Dem sehr besonderen Charme des deutschen Grafen aus Horrem konnte sich in jenen Jahren nicht einmal der abgebrühte Enzo Ferrari entziehen. Für den Gründer des Sport- und Rennwagenherstellers Ferrari war Trips Vorreiter einer neuen, vierten Generation von Rennfahrern, einer der ersten echten Profis. Der Commendatore sagte einmal über Trips: „Ich mochte ihn ganz besonders wegen seiner großen Integrität. Er war unglaublich schnell, und selbst in Augenblicken des größten Wagemuts verschwand dieses markante Lächeln, gemischt mit Traurigkeit, nie aus seinem edlen Gesicht. Er zog die Formel 1 vor, machte aber auch im Sportwagen eine tadellose Figur. Glanzvoll, eine Spitzenleistung, war sein Auftritt 1961 bei der Targa Florio.“


Und dennoch: Charisma, das Geheimnis der Persönlichkeit, lässt sich nicht ergründen. Der Rest allerdings ist verbriefte und besiegelte Geschichte. Ein paar Mark- und Meilensteine aus dem Leben des Rennfahrers, der 1961 nach den Sternen griff: des Grafen behütete Jugend auf dem Herrensitz Burg Hemmersbach zu Horrem, seit 1751 im Besitz der Familie Berghe von Trips. Seine Pennälerzeit am Pädagogium Otto Kühne in Bad Godesberg – der Zögling wohnt gleichwohl extern und sturmfrei bei einem Bankdirektor Schüler, daher der Spottname „Schüler-Bude“ für sein Dachzimmer. Seine Gesellenzeit im Porsche mit einer verhohlenen Identität, um seine Eltern nicht zu beunruhigen.

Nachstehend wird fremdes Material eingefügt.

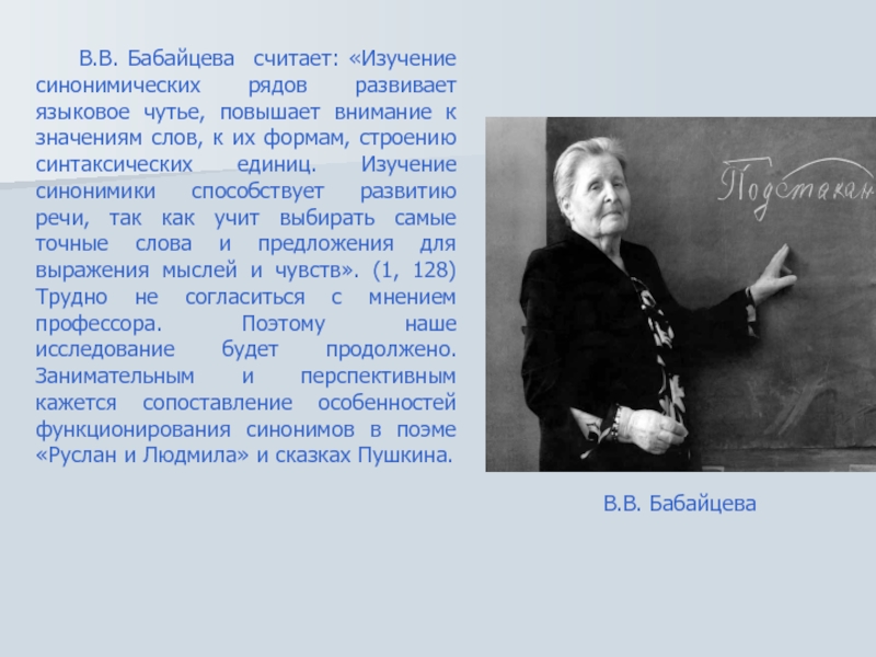 Слайд 20В.В. Бабайцева считает: «Изучение синонимических рядов развивает языковое чутье, повышает внимание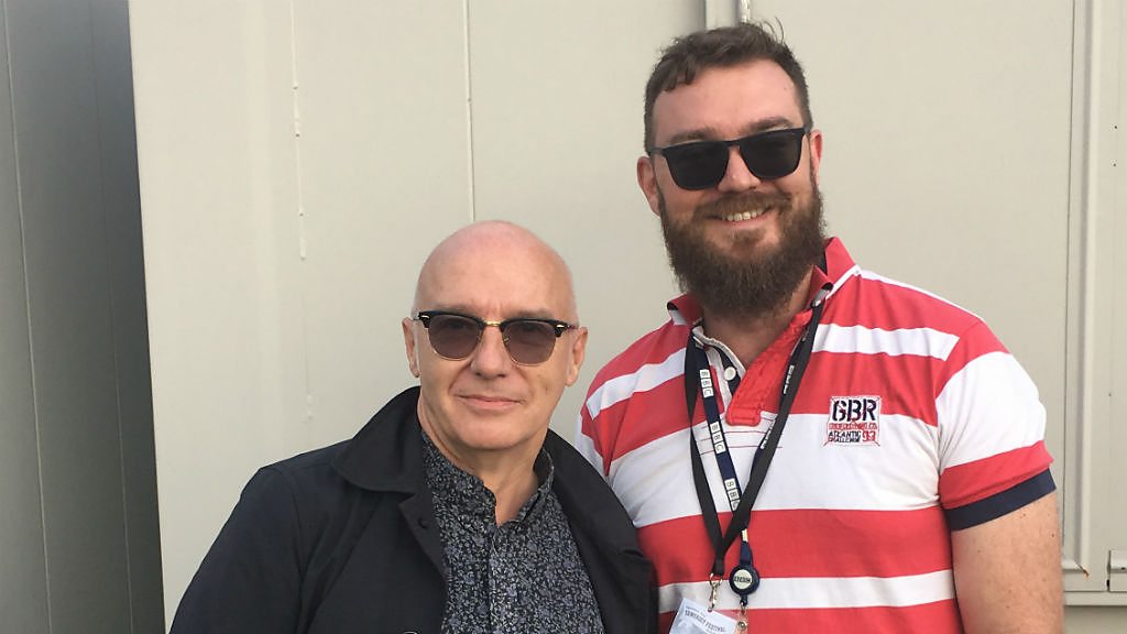 Ultravox frontman Midge Ure chats to BBC Radio Oxford's Phil Mercer at Towersey.

Nicht lange hält das Alibi der wachsenden Neugier auf seine Person stand, und Absurditäten wie die Lautsprecheransage „Der unter dem Pseudonym Axel Linther startende Wolfgang Graf Berghe von Trips…“ bürgern sich ein. Da ist sein kurzes Intermezzo 1955 und 56 bei Mercedes-Benz, mit Teilnahme und Platz drei bei der Tourist Trophy im 300 SLR im September 55 als Highlight. Da sind 25 (von insgesamt 27) Grands Prix im Dienst der Scuderia Ferrari.

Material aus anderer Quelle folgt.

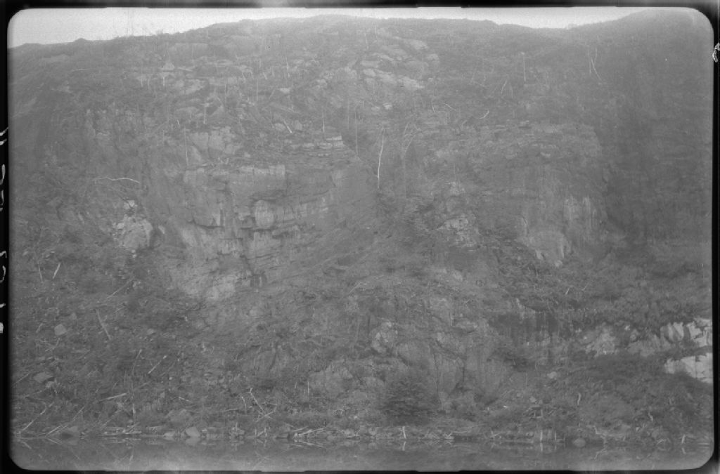 Vue vers l'ouest de la falaise du gisement du lac Tio, Mine Tio, Quebec Iron & Titanium Co.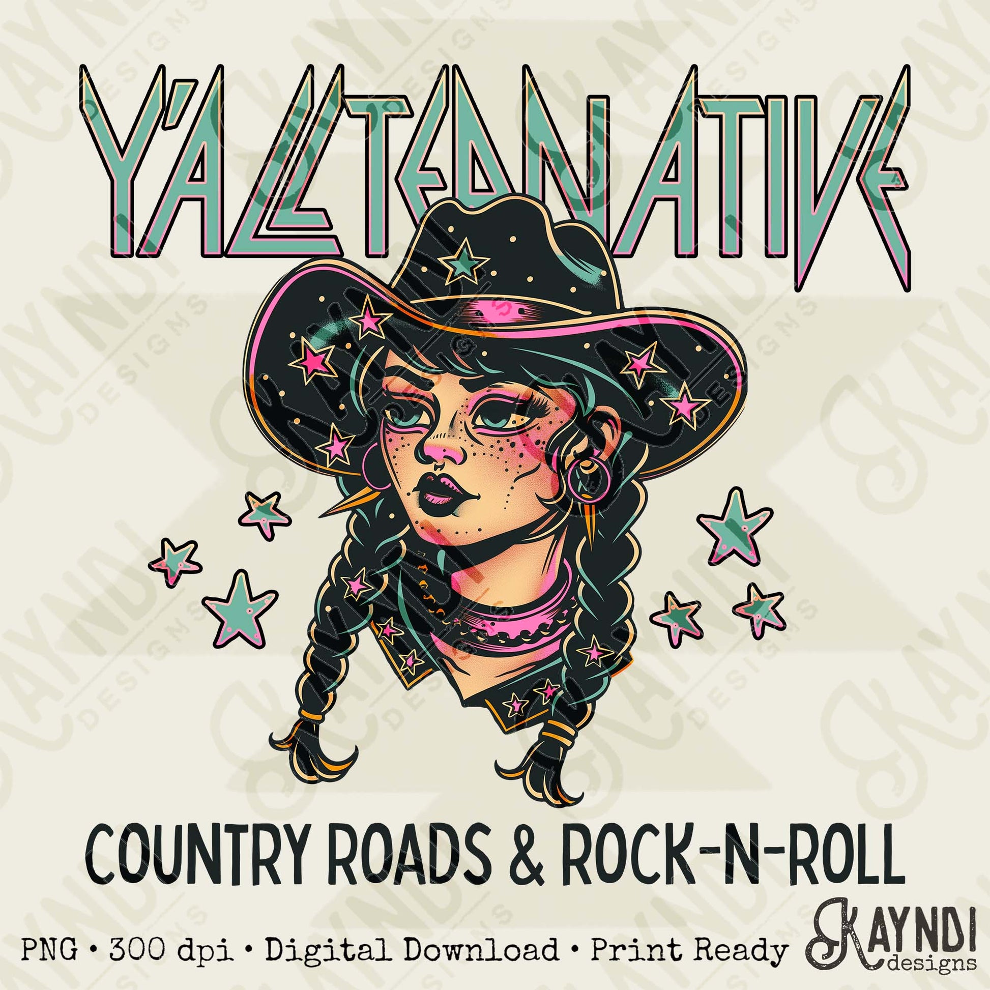 Yallternative Sublimation Design PNG Digital Download Western Cowgirl Black

Seinem Renommee als „Count Crash“ macht Trips gleich beim ersten gefährlichen Zwischenfall alle Ehre, beim Training zum Gran Premio d’Italia in Monza am 1. September 1956: Lenkhebelbruch am Ende der Curva Grande, Exkursion mitten in eine Baumgruppe. Beim Überschlag fällt er aus dem Lancia-Ferrari D50, riecht das Aroma der frischen Erde und stellt am Ende verdutzt fest: „Trips, du lebst“. Die Warnschüsse des Schicksals werden meistens erst dann als solche wahrgenommen, wenn es zu spät ist.
Da sind seine Duelle mit seinem Freund und Rivalen Phil Hill in seiner letzten Saison 1961, die beiden schönen Siege im Dino 156 „Sharknose“ in Zandvoort und Aintree, die berechtigte Hoffnung auf den Weltmeistertitel. Da ist schließlich dieser entsetzlich gleichgültige Zynismus des Schicksals am späten Nachmittag des 10. September. In ihrer Rundfunk-Reportage aus Monza, nach qualvoll langer Sprachlosigkeit untermalt von den Geräuschen des Rennens, übermitteln die Star-Reporter Rainer Günzler und Günther Jendrich die schlimme Botschaft, Trips sei tot, hier und jetzt, in dem Augenblick, der sein größter sein sollte. Mit dem Ferrari-Piloten starben etliche Zuschauer.
Wolfgang Graf Berghe von Trips war eine Lichtgestalt und ist bis heute eine Lichtgestalt des deutschen Sports geblieben. Mit seinem Sterben in Monza – so empfanden es vor rund 60 Jahren Menschen in aller Welt – ist es ein wenig dunkler geworden.